7/17/2020 Hong Kong (International Christian Concern) – A phishing campaign that targeted the leaders of the Hong Kong Catholic Church in May was recently traced to hackers employed by the Chinese government. According to a malware analyst, the campaign involved a malware sample “typically associated with Chinese state groups.” The malware files made use of a “lure document,” associated with the Catholic church, including communications from Vatican officials and news articles from the Union of Catholic Asian News. As the legitimate documents load, malware is installed, allowing the attacker remote access and full control of the victim’s computer.
Amidst increasing tension surrounding the new National Security Law allowing authorities to crack down on the widespread pro-democracy protests, it is unsurprising that the Chinese government would target the Catholic Church in Hong Kong. The Chinese Communist Party (CCP) has been at odds with the Catholic Church since the two broke diplomatic ties in 1951 and the CCP began appointing Catholic bishops in mainland China. Because the leadership structure of the Roman Catholic Church derives authority from the Pope in Rome, the Catholic Church was seen as a threat to the “fledgling” communist party.

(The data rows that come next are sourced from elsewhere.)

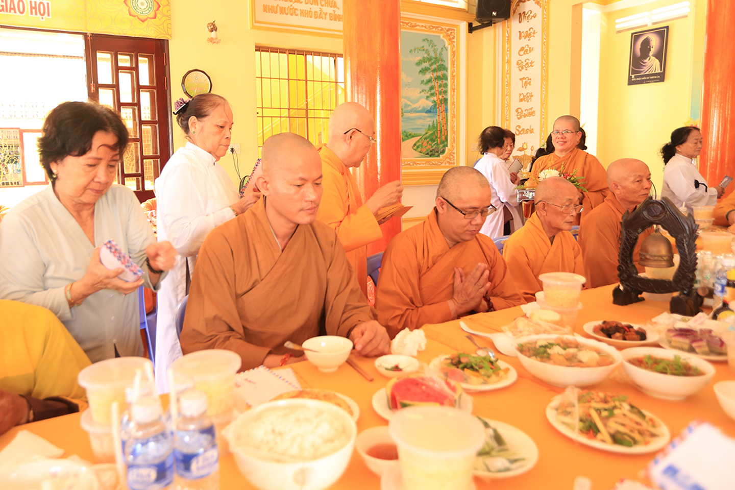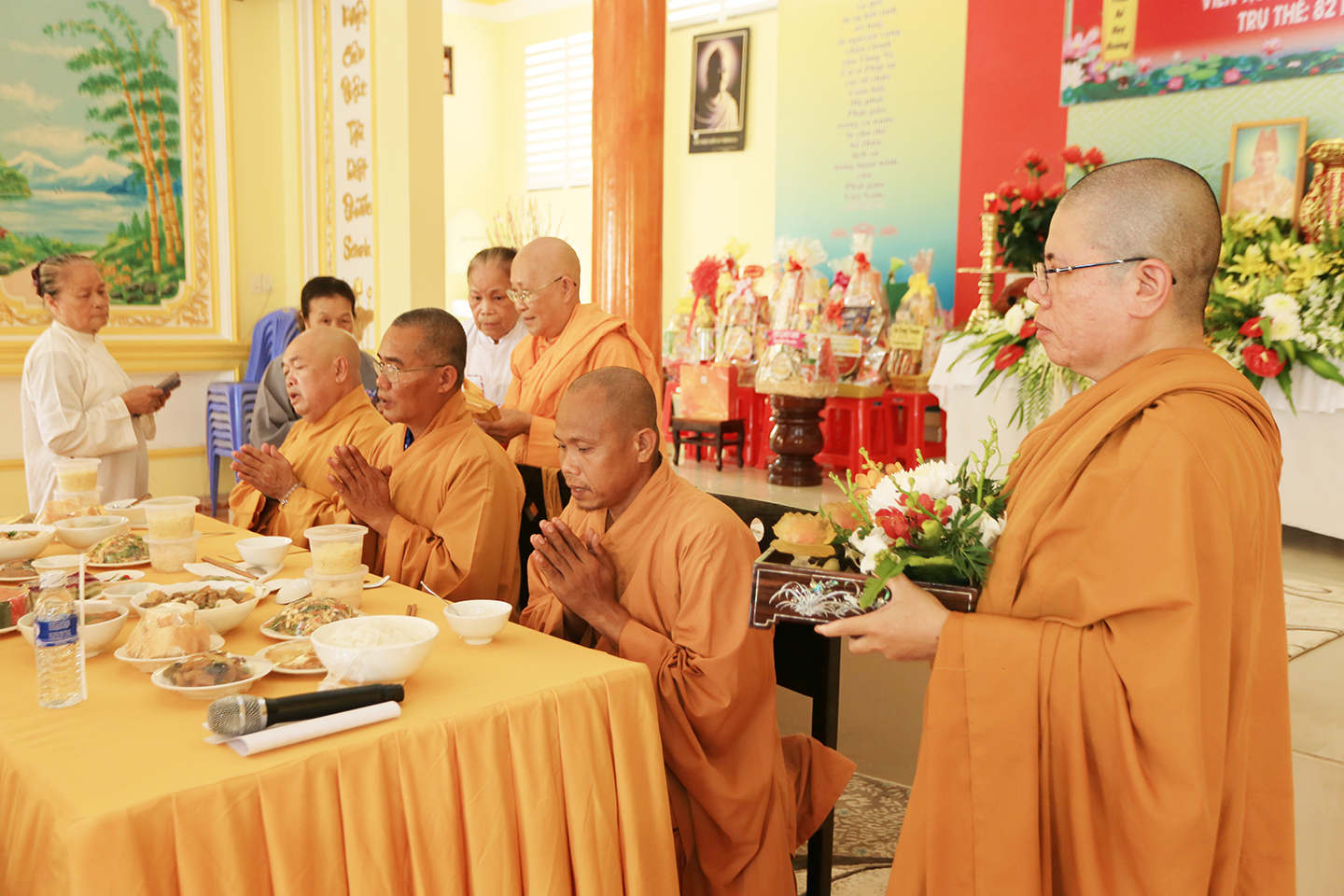 Dịp này, môn đồ đệ tử cũng đã thiết lập trai Tăng, cúng dường lên chư tôn đức giáo phẩm để tỏ lòng hiếu đạo.
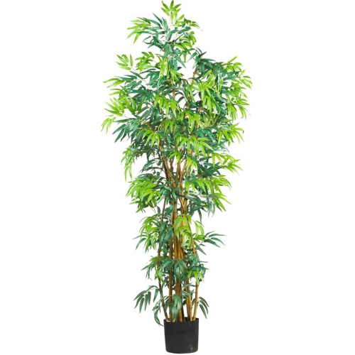 Need a break from the office? This grand Bambusa will have you dreaming of the Asian tropics. At six feet tall, this lovely tree makes an excellent conversation piece for your work space or home décor. 1700 wispy elongated leaves flock the two separate clusters of shoots. Best of all, this exotic beauty will thrive carefree in any environment.Features : Color: Green / Container: BlackMaterials: Polyester material, plastic, Natural Trun...
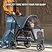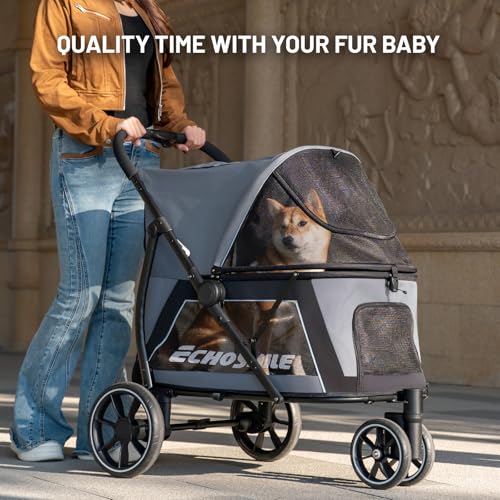 - 【All Terrain Mobility with Brakes】Featuring 10’’ solid rear wheels and 7’’ 360° swivel front wheels with shock absorption, this pet stroller glides smoothly over grass, gravel, pavement, and city streets. The agile 3-wheel design allows for tight turns, while the rear brakes provide extra safety and stability on your outdoor walks., 【One-Click Folding】Enjoy effortless portability with EchoSmile's one-click folding dog stroller, designed for quick, single-handed operation. Its compact folded size fits neatly in SUVs, car trunks, or garages for convenient storage. A built-in storage pocket keeps leashes, treats, toys, and personal essentials well-organized and within reach., 【Easy Access & All-Around Ventilation】The versatile doggy stroller comes with front and rear dual entries for barrier-free access, making it simple for senior dogs or puppies with joint issues to enter and exit. Multiple breathable mesh windows offer 360° ventilation to keep your pet cool year-round. The removable soft cushion adds extra comfort for long outings., 【Sturdy & Safe Construction】Built with durable 600D Oxford fabric and a reinforced carbon steel frame, this heavy-duty dog stroller is scratch-resistant and wear-resistant for long-lasting use. It includes an adjustable safety leash to prevent accidental escapes, plus reflective strips for improved visibility, ensuring maximum safety for your pet on every trip., 【Spacious for Medium Dogs】Engineered with a roomy interior :34" L x24" W x37" H, this EchoSmile pet stroller provides plenty of comfortable space for medium dogs. With an 80-pound weight capacity, it can hold up to three small or medium dogs or cats, ideal for trips to the park, mall, vet, travel and outdoor pet activities.
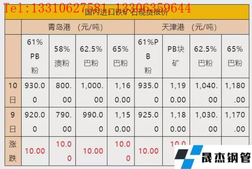 2月10日,青岛港铁矿石现货价格普遍上涨,61%PB粉矿上涨10收930元/吨,58%澳粉上涨10收800元/吨,62.5%巴粉上涨10收1000元/吨,65%巴粉上涨10收1160元/吨;天津港铁矿石现货价格也普遍上涨,61%PB粉矿上涨10收935元/吨,PB块矿上涨10收1190元/吨,62.5%巴粉上涨10收1040元/吨,65%巴粉上涨10收1180元/吨。
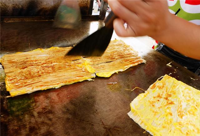 这样一来,在铁板上烤面片的时候,刷酱料、加鸡蛋、撒葱花、切面片等步骤,就不容易出现问题了。所以南方的小伙伴看到的烤冷面,基本都不算是正宗烤冷面,只能说是改良烤冷面。

Though relations between the CCP and the Vatican were resumed in the early 2000s, the two are still “on thin ice.”
In September of 2018, the CCP and the Vatican signed an “agreement of collaboration” that included the Catholic Church of Hong Kong. Under this agreement the Pope regained his traditional power to appoint bishops, though these appointments were still subject to CCP approval. This arrangement is up for renewal this September, and is alleged to be the reason that many Hong Kong Holy See officials have refrained from showing public support of protestors. In recent months, several leaders within the Catholic Church have taken stances favorable to, or at least permissive of, the CCP, including the Archbishop of Hong Kong, Paul Kwong.
Despite the threat posed to religious liberty by the National Security Law and widespread international criticism, Archbishop Kwong has defended the legislation, stating that it is not an “expression of Christian charity but of anti-China sentiment.” In a letter to the Church Times, Kwong stated that he welcomed the new law as “necessary for our wellbeing” as a result of “wider violence” and acts by protestors that “cannot be tolerated in any country.” He has insisted that the law poses no threat to religious freedom, though many of his colleagues in Catholic leadership have disagreed, including the former bishop of Hong Kong, Cardinal Joseph Zen Ze-kiun and Auxiliary Bishop Joseph Ha.
Yet, Kwong is not the only leader in the Catholic Church in Hong Kong who has begun to publicly express such increasingly pro-CCP opinions. Following a summoning to the Liaison Office in June, the apostolic administrator of Hong Kong, Cardinal John Tong, began making public statements in support of the law, stressing the need for unity. These comments stand in stark contrast to the statements he made in 2019, pleading for the government to “listen to the voices of the people” during the protests. Other Christian leaders have been forced to withdraw statements against the law. A previous article from ICC has discussed the Pope’s own omission of planned comments calling for the protection of religious freedom in Hong Kong from a public address.
An increase of support for Beijing by the Catholic clergy makes sense in light of the threat posed by the CCP. The Catholic Church in Hong Kong, by merit of its ties to Rome, is fundamentally at risk of being considered as a participant in collusion with a “foreign institution.” This fact, as one Catholic lawyer in Hong Kong explained, “can easily be used to target and penalize…the Catholic diocese which receives instruction and directions from the Vatican… The churches can be ordered to disband and their assets confiscated if they breach the law.” With the agreement between the CCP and the Vatican set to expire in September, Catholics in Hong Kong are at risk. As a result, religious freedom in Hong Kong should continue to be a concern of US policymakers in communications with China.